What you are asked to do - Look below for lines that hold the string "Kolozsvári" and copy each one.

Listed records -
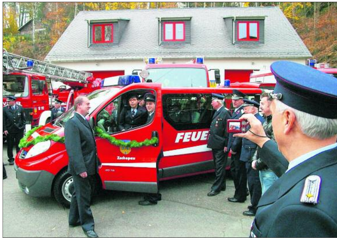
Bei der Übergabe des Mannschaftstransportwagens an die Freiwillige Feuerwehr Zschopau waren die Kameraden am Samstag in bester Feierlaune.

Neben nur gelegentlichen Wolkenlücken ist es überwiegend wolkenverhangen, nur vereinzelt gibt es Sprühen.
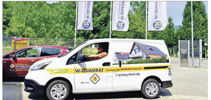
Ein Teil des elektrischen Fuhrparks in Gernsbach.
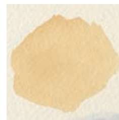
Gele oker en cadmiumoranje.

TV OTTO SCHILLING EEN (TECHNISCHE VRAAG STELLEN OF JE WERK DOOR HEM LATEN JUREREN? KIJK SNEL OP WWW.ATELIERTV.NL
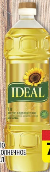
МАСЛО ПОДСОЛНЕЧНОЕ ИДЕАЛ 1л
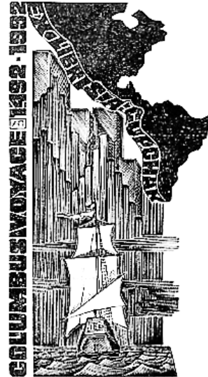
Рис. 1. А. Пугачевський «Мандри Колумба». 1992 р.

уватися значно важче. Вони є представниками двох різних генерацій, різних манер виконання, стилі яких сформувались в руслі взаємовпливу. Важливо відмітити і те, що індивідуальний стиль представника старшого покоління, мабуть, в більшості схильний впливу молодшого художника – серед робіт батька помітний вплив сина.
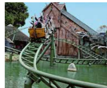
Hansa Park 169 km.
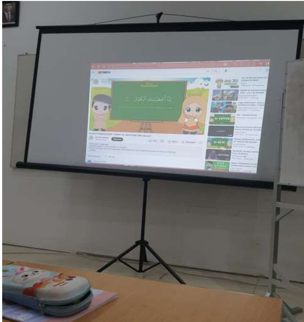
Gambar 4.5. Contoh Video Youtube yang Digunakan dalam Pembelajaran PAI Berbasis E-Learning di SLB Harapan Bunda Banjarmasin

Setelah itu, guru kemudian meminta murid untuk menulis huruf hijaiyah di buku tulisnya. Sama seperti sebelumnya, jika murid belum bisa menulis, maka guru lah yang akan membantu menuliskannya di buku tulis sang murid. Akan tetapi, pada murid yang dirasa sudah cukup mahir, guru hanya membuat garis putus-putus di buku tulis sang murid dan menugaskan murid tersebut untuk menebalkannya. Hal semacam ini
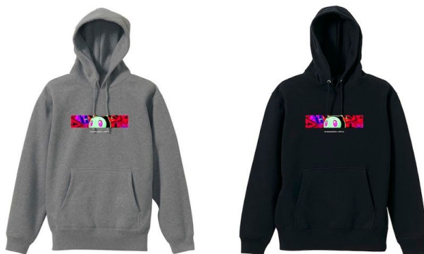
SWEAT PARKA BLACK / GRAY ¥7,800+TAX

「ハミィ」とコラボしたVR科学館限定のコラボグッズを12月26日より公式オンラインショップにて販売予定。ストアURL： https://vrkagakukan.theshop.jp
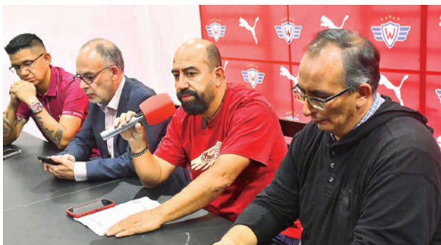
La dirigencia de Wilstermann. HERNAN ANDIA

En caso contrario, podría dar a entender un desistimiento del proceso, por lo que este podría ser finalizado,
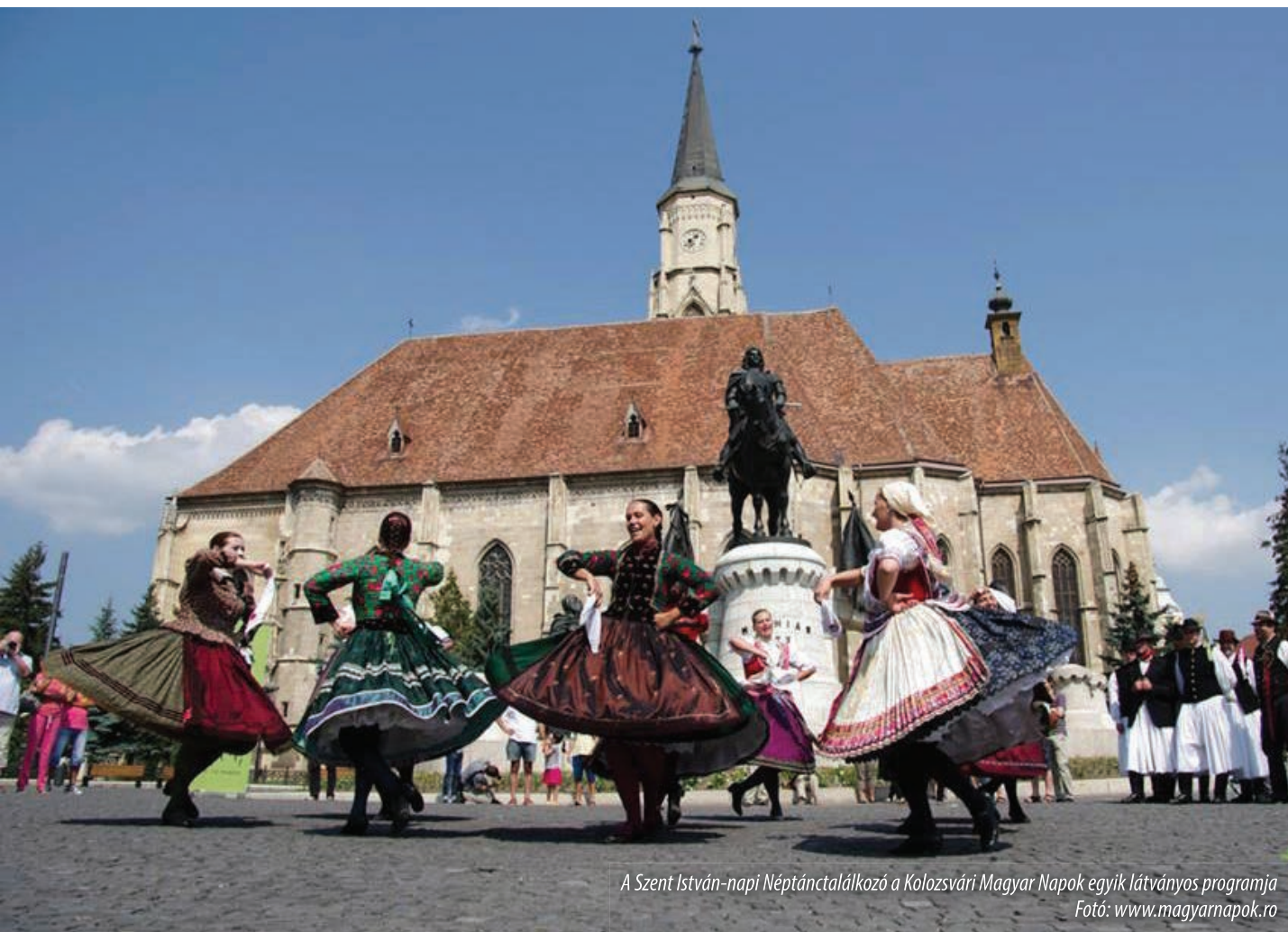
A Szent István-napi Néptáncfaló a Kolozsvári Magyar Napok egyik látványos programja

Elhangzott a IV. Kolozsvári Magyar Napok nyitógáláján, Kolozsváron, 2013. augusztus 19-én.
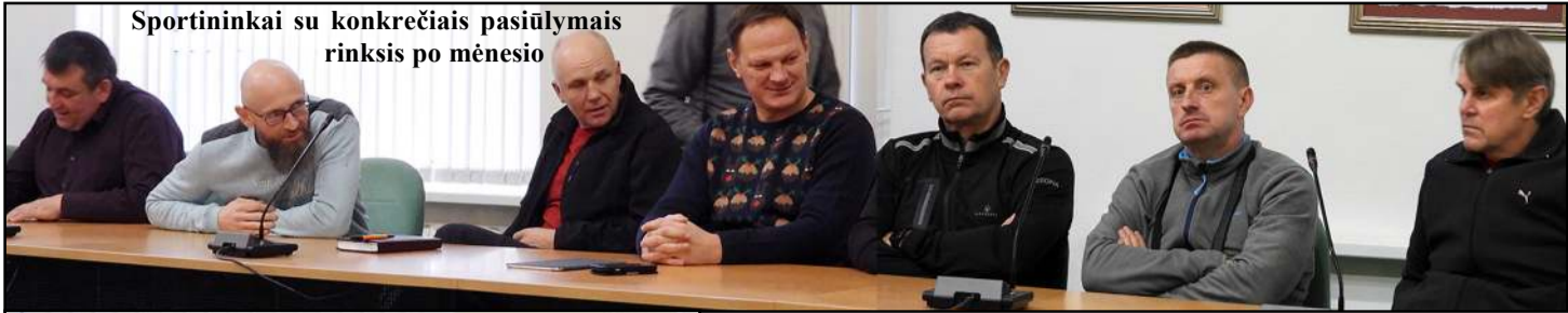
Sportininkai su konkrečiais pasiūlymais rinksis po mėnesio

Expected answer -
A Szent István-napi Néptáncfaló a Kolozsvári Magyar Napok egyik látványos programja
Elhangzott a IV. Kolozsvári Magyar Napok nyitógáláján, Kolozsváron, 2013. augusztus 19-én.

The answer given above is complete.